In a most ordinary moment on a normal day at work in the Chicago bureau of a major national newsmagazine, I came to a realization that has bothered me ever since. Everyone knows how much power the press has in shaping the news, how its choice of stories and words influence readers. But one afternoon, talking about a rather silly feature story we were doing on pop culture, someone joked, “You know, we can start a trend just by calling it a trend!”
I stopped dead. It was true. But I was the only one not laughing.
Of course, this was hardly an original insight. Walter Lippman—journalist, military intelligence specialist during World War I, propagandist, political scientist, author, and adviser to the presidents—made the same observation a generation ago. These words from his book, Public Opinion, bear repeating:
Every newspaper when it reaches the reader is the result of a whole series of selections…. In order that [the reader] shall enter he must find a familiar foothold in the story, and this is supplied to him by the use of stereotypes. They tell him that if an association of plumbers is called a “combine” it is appropriate to develop his hostility; if it is called a “group of leading businessmen” the cue is for a favorable reaction. It is in a combination of these elements that the power to create opinion resides.
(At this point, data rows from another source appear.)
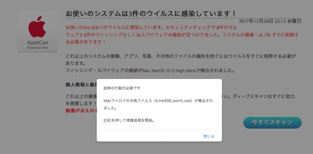 詐欺注意 お使いのmacでトロイの木馬ウイルスが検出されました Pc上手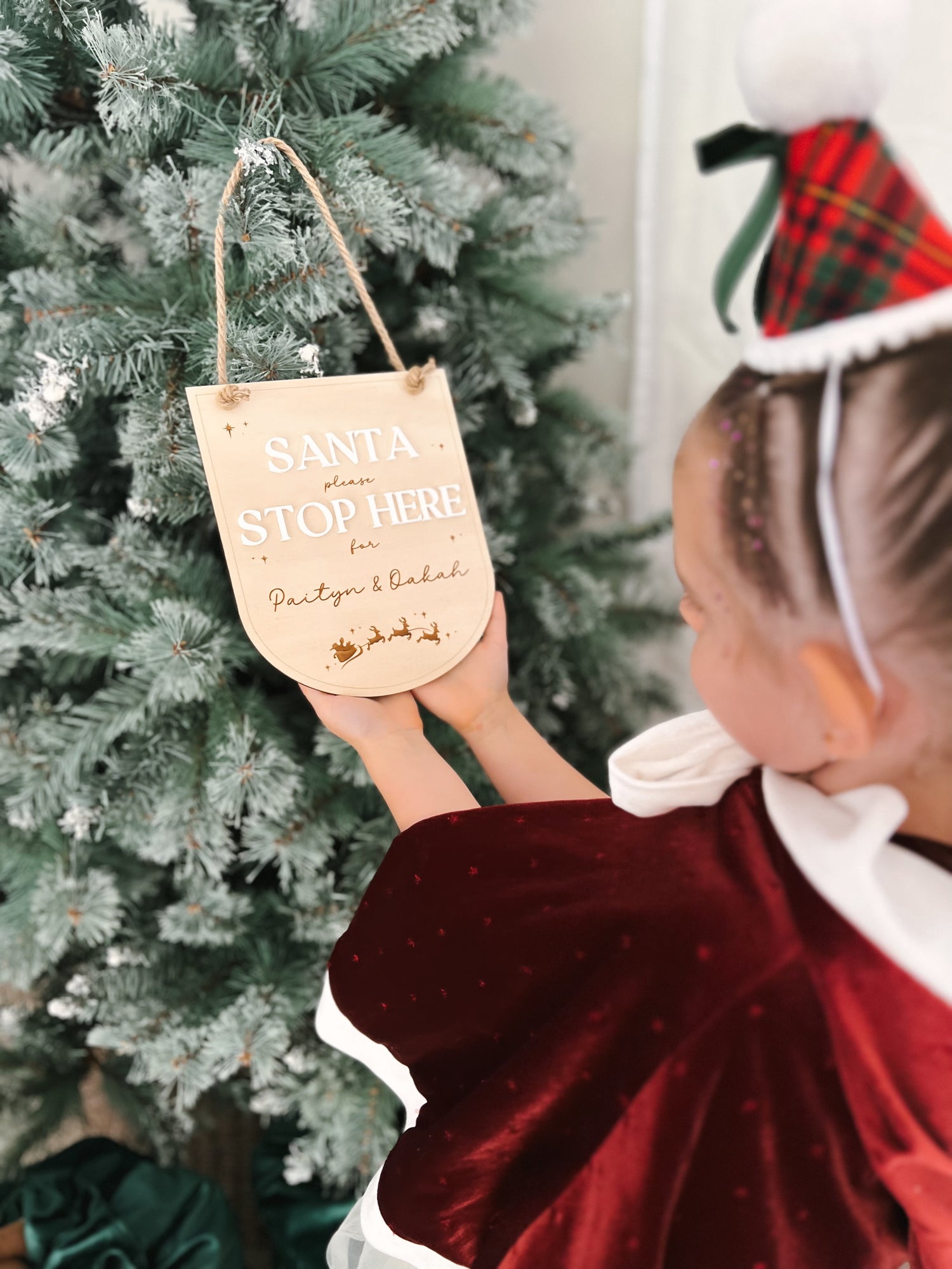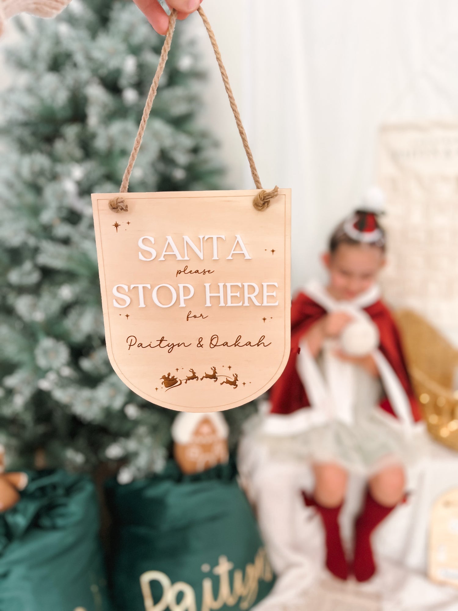 Let Santa know where to land with this personalised "Santa Please Stop Here" plaque made from timber and acrylic. No need to shout, just hang it on your door and the jolly man in the sleigh will know exactly where to stop!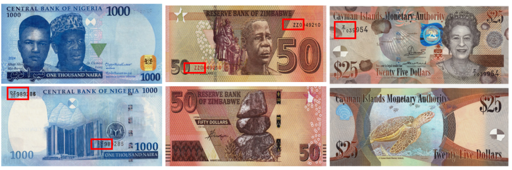 | Замбия | Префикс "X3" для полимерных банкнот |

Why is it so easy to lead people into new behaviors, desires, and attitudes? Why don’t people think more critically and see through some of the airy media stories that have no real substance—the stories that are less news than public relations or marketing? As Lippman noted, it’s the result of “apathy, preference for the curious trivial as against the dull important, and the hunger for sideshows and three-legged calves.”
These days, sideshows and curious trivia have actually gained even greater importance in an industry that has become a confusing mix of news and entertainment. Still, there are people who would like to pay attention to the more consequential events and issues that used to be called news. These can be hard to discern when politics itself has become trivialized. Hence the need to become intelligent news consumers: to learn how to pick through massive fields of information for substantive and fair reporting.
This is a tall task. The manipulation of public opinion is of great importance to both the government and the media. And it takes on added urgency in the months before an election.
Shaping the News
Last year, veteran CBS newsman Bernard Goldberg shocked the media world with his book, Bias: A CBS Insider Exposes How the Media Distort the News. He minced no words in laying out the fundamental problem. “The old argument that the networks and other ‘media elites’ have a liberal bias is so blatantly true that it’s hardly worth discussing anymore,” he writes. “No, we don’t sit around in dark corners and plan strategies on how we’re going to slant the news. We don’t have to. It comes naturally to most reporters…. When you get right down to it, liberals in the newsroom see liberal views as just plain…sensible, reasonable, rational views, which just happen to coincide with their own” (emphasis added).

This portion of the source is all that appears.